*Your goal*. Some of the lines below need repeating. Reproduce exactly those between the lines holding "Çizgili Bağcıklı Gömlek Ceket Siyah" and "商周文化革新是中国历史上具有", inclusive.

*Task material*.
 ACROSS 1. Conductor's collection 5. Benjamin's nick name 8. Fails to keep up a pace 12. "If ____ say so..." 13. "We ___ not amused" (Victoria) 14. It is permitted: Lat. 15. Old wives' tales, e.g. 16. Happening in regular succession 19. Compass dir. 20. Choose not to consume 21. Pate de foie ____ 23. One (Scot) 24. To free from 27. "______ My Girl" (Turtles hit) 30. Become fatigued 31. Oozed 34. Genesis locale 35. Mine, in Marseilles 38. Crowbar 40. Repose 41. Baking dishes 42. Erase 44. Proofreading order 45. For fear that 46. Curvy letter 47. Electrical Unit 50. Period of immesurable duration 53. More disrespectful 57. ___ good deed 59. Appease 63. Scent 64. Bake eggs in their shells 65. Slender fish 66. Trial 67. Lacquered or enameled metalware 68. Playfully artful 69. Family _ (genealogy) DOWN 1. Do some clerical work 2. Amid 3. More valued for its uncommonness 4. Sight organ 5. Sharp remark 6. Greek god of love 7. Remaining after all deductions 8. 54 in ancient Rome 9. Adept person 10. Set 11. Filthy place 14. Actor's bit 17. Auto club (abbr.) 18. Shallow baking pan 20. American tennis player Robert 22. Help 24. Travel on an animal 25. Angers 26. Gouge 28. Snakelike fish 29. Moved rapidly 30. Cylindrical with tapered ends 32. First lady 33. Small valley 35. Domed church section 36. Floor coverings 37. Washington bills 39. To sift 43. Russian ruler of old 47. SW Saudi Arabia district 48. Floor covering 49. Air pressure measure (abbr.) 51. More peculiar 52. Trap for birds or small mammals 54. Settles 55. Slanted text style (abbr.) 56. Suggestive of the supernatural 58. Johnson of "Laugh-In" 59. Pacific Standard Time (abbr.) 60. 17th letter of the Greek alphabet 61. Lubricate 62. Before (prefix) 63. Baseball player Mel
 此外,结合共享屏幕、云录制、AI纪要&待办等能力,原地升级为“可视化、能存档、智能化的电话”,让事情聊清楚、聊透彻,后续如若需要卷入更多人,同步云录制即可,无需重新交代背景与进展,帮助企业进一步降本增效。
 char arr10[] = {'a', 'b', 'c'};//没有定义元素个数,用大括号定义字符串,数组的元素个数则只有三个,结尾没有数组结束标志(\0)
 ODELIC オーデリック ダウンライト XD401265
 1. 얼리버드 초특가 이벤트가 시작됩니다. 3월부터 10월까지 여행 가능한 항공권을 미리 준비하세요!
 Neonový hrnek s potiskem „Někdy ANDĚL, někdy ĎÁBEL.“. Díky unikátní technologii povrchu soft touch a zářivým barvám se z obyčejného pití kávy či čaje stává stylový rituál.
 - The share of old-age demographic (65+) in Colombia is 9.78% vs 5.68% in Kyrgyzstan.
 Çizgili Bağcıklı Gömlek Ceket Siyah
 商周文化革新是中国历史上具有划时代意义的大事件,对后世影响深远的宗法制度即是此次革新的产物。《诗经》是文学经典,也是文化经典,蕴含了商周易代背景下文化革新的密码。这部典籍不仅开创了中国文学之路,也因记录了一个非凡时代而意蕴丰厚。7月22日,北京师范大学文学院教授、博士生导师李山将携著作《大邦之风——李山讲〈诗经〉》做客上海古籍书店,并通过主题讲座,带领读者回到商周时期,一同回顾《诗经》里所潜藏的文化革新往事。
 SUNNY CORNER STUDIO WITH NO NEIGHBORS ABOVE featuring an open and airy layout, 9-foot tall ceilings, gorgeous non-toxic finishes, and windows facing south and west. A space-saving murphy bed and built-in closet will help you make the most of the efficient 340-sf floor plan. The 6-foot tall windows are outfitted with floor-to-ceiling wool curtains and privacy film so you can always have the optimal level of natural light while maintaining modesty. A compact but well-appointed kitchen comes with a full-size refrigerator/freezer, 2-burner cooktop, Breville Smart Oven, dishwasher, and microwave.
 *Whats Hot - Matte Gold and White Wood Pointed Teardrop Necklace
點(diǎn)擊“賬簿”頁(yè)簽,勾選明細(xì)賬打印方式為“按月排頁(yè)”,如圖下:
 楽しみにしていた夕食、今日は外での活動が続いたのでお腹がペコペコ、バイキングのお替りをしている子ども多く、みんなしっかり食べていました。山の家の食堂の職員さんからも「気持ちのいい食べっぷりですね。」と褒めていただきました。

*Answer to this problem*.
 Çizgili Bağcıklı Gömlek Ceket Siyah
 商周文化革新是中国历史上具有划时代意义的大事件,对后世影响深远的宗法制度即是此次革新的产物。《诗经》是文学经典,也是文化经典,蕴含了商周易代背景下文化革新的密码。这部典籍不仅开创了中国文学之路,也因记录了一个非凡时代而意蕴丰厚。7月22日,北京师范大学文学院教授、博士生导师李山将携著作《大邦之风——李山讲〈诗经〉》做客上海古籍书店,并通过主题讲座,带领读者回到商周时期,一同回顾《诗经》里所潜藏的文化革新往事。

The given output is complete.